> _DESCRIPTION OF THE TASK_: Your answer is to be the count alone: the number of lines in the data below where "This" appears.

> _DATA FOR REVIEW_:

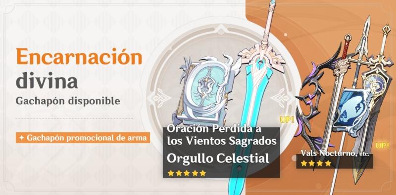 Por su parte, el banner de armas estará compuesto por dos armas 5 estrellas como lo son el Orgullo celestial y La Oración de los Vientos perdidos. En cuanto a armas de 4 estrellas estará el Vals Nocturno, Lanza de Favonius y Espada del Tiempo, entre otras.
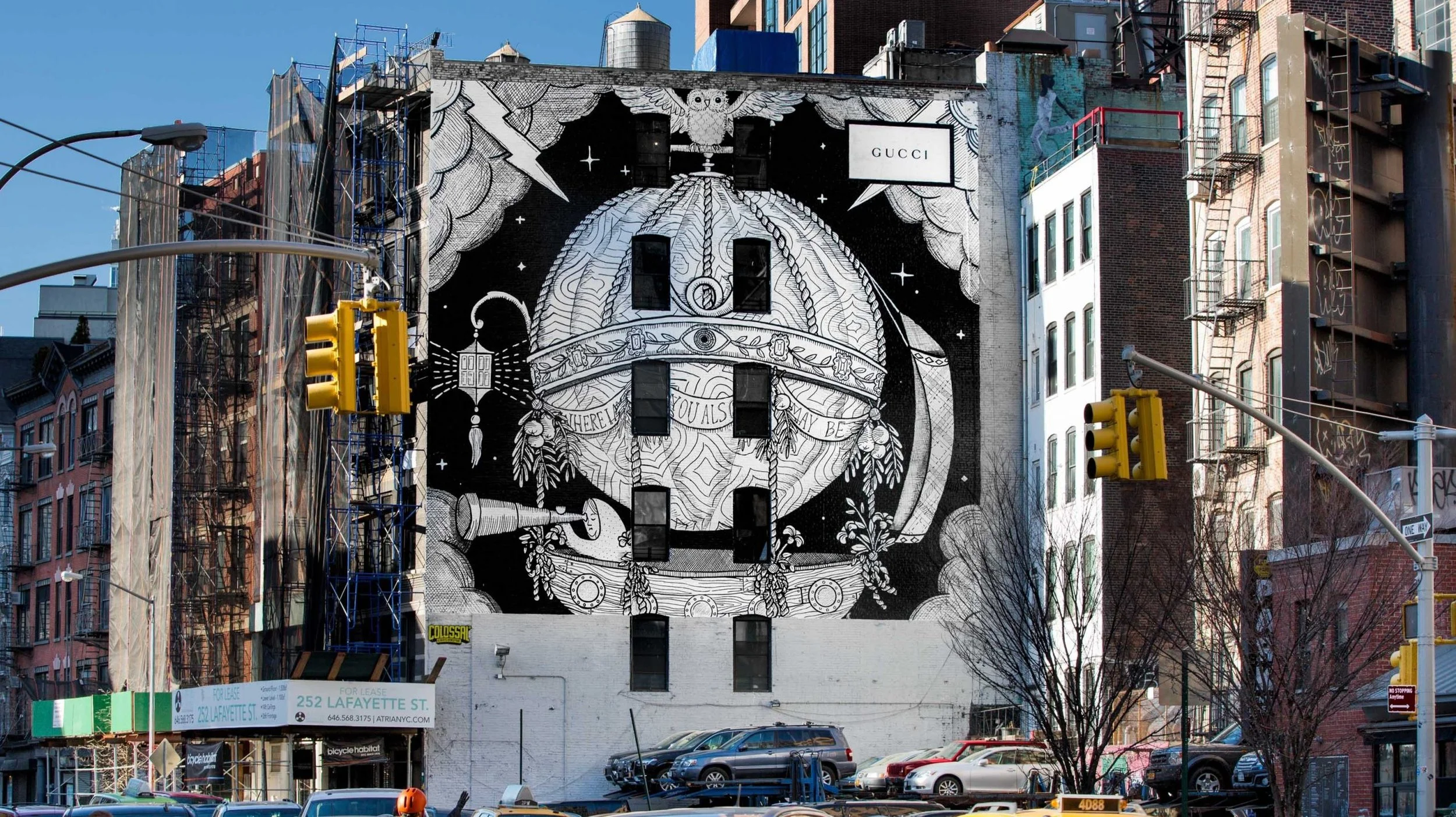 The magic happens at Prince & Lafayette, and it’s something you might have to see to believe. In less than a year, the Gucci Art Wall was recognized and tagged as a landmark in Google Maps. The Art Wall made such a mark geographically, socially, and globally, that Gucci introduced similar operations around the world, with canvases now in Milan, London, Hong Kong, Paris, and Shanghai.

--

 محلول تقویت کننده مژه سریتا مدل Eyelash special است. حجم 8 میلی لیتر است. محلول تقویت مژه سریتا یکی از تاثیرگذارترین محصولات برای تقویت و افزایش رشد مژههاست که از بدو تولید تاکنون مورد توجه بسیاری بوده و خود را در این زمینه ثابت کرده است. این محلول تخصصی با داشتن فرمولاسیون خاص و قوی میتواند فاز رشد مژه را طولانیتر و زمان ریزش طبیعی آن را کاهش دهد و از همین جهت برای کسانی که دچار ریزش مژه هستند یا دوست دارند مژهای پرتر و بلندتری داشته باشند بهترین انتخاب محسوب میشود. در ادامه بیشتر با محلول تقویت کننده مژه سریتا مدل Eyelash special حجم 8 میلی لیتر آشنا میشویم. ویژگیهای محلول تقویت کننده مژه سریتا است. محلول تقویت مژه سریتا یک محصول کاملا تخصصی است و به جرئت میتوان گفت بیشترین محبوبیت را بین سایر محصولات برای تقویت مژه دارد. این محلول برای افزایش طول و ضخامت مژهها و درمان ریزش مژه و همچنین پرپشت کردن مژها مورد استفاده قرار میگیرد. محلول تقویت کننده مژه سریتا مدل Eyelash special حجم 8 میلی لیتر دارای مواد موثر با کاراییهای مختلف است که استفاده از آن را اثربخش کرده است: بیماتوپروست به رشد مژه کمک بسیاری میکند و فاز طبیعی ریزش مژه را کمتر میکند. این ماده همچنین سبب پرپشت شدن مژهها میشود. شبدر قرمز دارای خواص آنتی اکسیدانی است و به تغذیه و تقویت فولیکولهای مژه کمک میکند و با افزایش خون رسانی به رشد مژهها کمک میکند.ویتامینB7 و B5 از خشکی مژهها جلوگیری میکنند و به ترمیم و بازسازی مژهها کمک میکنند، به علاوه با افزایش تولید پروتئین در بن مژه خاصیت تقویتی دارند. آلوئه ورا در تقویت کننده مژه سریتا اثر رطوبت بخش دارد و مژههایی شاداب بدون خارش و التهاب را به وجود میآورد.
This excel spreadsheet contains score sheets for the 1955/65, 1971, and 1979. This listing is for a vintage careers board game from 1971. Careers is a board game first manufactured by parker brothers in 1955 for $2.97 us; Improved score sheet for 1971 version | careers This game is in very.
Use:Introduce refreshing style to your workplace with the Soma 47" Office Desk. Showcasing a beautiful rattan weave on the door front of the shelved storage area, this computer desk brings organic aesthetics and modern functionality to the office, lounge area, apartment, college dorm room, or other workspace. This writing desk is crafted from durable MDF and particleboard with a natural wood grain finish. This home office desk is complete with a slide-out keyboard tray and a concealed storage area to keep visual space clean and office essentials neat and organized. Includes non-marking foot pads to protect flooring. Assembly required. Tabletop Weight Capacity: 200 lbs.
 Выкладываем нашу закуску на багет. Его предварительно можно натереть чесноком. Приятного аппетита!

> _WRITTEN SOLUTION_: 2